TANITIM BÖLÜMÜ

327 42 40
                                    

"Esmer Güzelim" diye seslenmişti genç adam.

Yıllar sonra duyduğu o ses tonuna ve hafızasından silmek için gecelerce uykusuz kaldığı o seslenişe kalbinin çarpıntısına engel olamadan bakmıştı Meyra.

Bileklerinden kuvvetin çekildiğini ise elinde tuttuğu çay bardakları ile dolu tepsinin bahçenin beton zeminine düştüğünde çıkardığı sesle fark edebilmişti.

"Altemur" diye fısıldarken kalbinin daha önce hiç bu kadar korku ve heyecan ile çarptığını hatırlamıyordu.

.
.
.

Ne kadar kaçarsan kaç, yakalandığın tek şey; daima kendin olacaksın.

Üç yakın arkadaş, üç farklı geçmiş, üç farklı acı. Ve daima olduğu gibi üç farklı umut.

Meyra, Nida ve Güneş; Kiminin acısı çocukluğuna dayanırken kimisi birkaç yıl öncesinden kaçan üç öğretmen.

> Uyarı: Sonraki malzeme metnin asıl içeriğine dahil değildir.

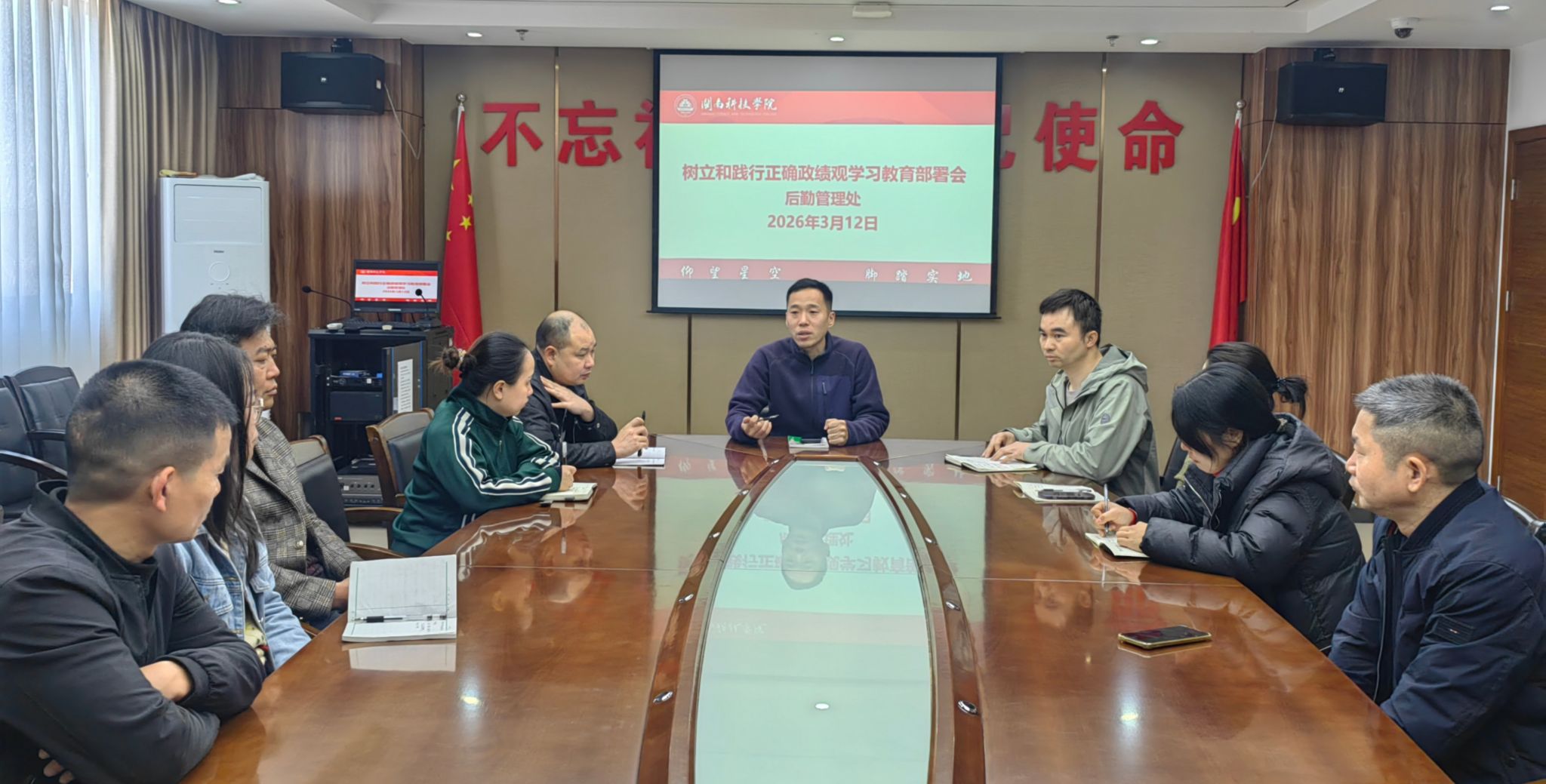 为深入贯彻党中央及学校党委关于开展树立和践行正确政绩观学习教育的部署要求,统一思想、压实责任、推动落实。3月12日上午,后勤管理处召开专题部署会。会议由校长助理王育海主持、全体办公室人员及部分水电工,驾驶员参会。

Acılarını, hayallerini,umutlarını kalplerine gömüp hayatın ilerlemesine ayak uydurmak zorunda kalarak ev ile okul arasında mekik dokuyan bu üç dostun hayatlarının rutinini bozacak olan şey ise tabiki hepsinin  içten içe hayalini kurup asla yaşayamayacaklarına inandıkları, sadece filmlerde izleyip kitaplarda okudukları aşk olacaktır.

Gözyaşı dökerken kahkahalar atacağınız, okurken elinizden bırakmak istemeyeceğiniz, pamuk şekeri tadında bu hikayeye dahil olmak için tek yapmanız gereken şey sayfaları çevirmek.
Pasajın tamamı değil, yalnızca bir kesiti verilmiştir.